In October of that year, a Chicago grand jury indicted him for his role in the Black Sox Scandal, alleging that he brought the idea of throwing the World Series to Abe Attell. California refused extradition because of an incorrectly issued arrest warrant. Chase and the other accused players were acquitted on August 2, 1921.
Chase was recruited and hired by the Nogales Internationals to play first base and manage the club for the 1923 season. Chase played for a team in Williams, Arizona, playing games in other mining towns such as Jerome. In early March 1925, newspapers reported that Chase was negotiating with the President of Mexico to become the commissioner of a new Mexican Baseball League.
For a time, Chase was player-manager of an outlaw team in Douglas, Arizona that included Buck Weaver, Chick Gandil and Lefty Williams. It was part of a league run by S.L.A. Marshall, who later said that Chase admitted to throwing a game. A few months later, he tore both Achilles tendons in a car accident. He later drifted to Mexico, where in 1925 he began making plans to organize a professional league. When American League president Ban Johnson got word of it, however, he pressured Mexican authorities to deport Chase.
Despite his unsavory past, Chase received a certain amount of National Baseball Hall of Fame support early in its history. During the inaugural Hall of Fame balloting of 1936, Chase garnered 11 votes and was named on 4.9% of the ballots. This total was more votes than 18 future Hall of Famers including such greats as Connie Mack, Rube Marquard, Mordecai "Three Finger" Brown, Charlie Gehringer, and John McGraw as well as the banned Shoeless Joe Jackson. In 1937, he received 18 votes which was more than 32 future Hall of Famers. Chase was dropped from the ballot following the 1937 vote. He never received the 75 percent support required for enshrinement, largely due to an informal agreement among the Hall of Fame voters that those deemed to have been banned from baseball should be ineligible for consideration.

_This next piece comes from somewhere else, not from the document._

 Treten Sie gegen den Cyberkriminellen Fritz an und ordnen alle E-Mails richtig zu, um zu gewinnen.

Baseball commissioner Kenesaw Mountain Landis banned all players who had been involved in throwing games, which could have banned Chase from baseball; however Judge Landis never formally ruled on Chase. His career was effectively over by the time Landis was appointed. In his only formal hearing on the matter, National League president John Heydler found him not guilty.
Chase spent the rest of his life drifting between Arizona and his native California, working numerous low-paying jobs. Later in life, he expressed considerable remorse for betting on baseball. He lived with his sister in Williams, California and died in a Colusa, California hospital at the age of 64.

Chase defensively

In his day, Hal Chase was almost universally considered one of the best fielders in the game — not just at first base, but at any position, even compared to catchers and middle infielders. In his Historical Baseball Abstract, Bill James quotes a poem entitled "You Can't Escape 'Em":
Sometimes a raw recruit in spring is not a pitching find;
He has not Walter Johnson's wing, nor Matty's wonderous mind.

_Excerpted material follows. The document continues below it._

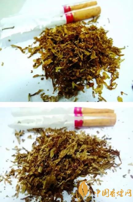 真品烟丝配比均匀,颜色呈现橙黄色,烟丝油润性强,叶丝有弹性,叶丝掺配比例大;
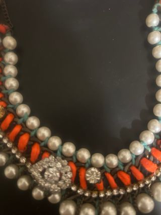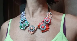 Particolare collana colorata, perfetta per aggiungere un tocco di vivacità al tuo outfit. Bellissima sull'abbronzatura. - Design a fiore con inserti colorati. - Diverse tonalità di colore. - Dettagli luminosi. - Chiusura con dettagli luminosi - Come nuova

He does not act like Harold Chase upon the fielding job,
But you may find in such a case, he hits like Tyrus Cobb.
Douglas Dewey and Nicholas Acocella's book on Chase, The Black Prince Of Baseball, talks about Chase's defensive abilities at length. He apparently made many spectacular plays that burnished his reputation as a glove wizard, but also committed 402 errors at first in just ten seasons, making his career fielding average only.980, four points below average for the period.
A more recent work by Bill James, Win Shares, suggested Chase was only a C-grade defensive player at first base. According to analyst Sean Smith of Baseball-Reference.com, Chase was below average defensively, costing his teams 65 runs versus an average first baseman.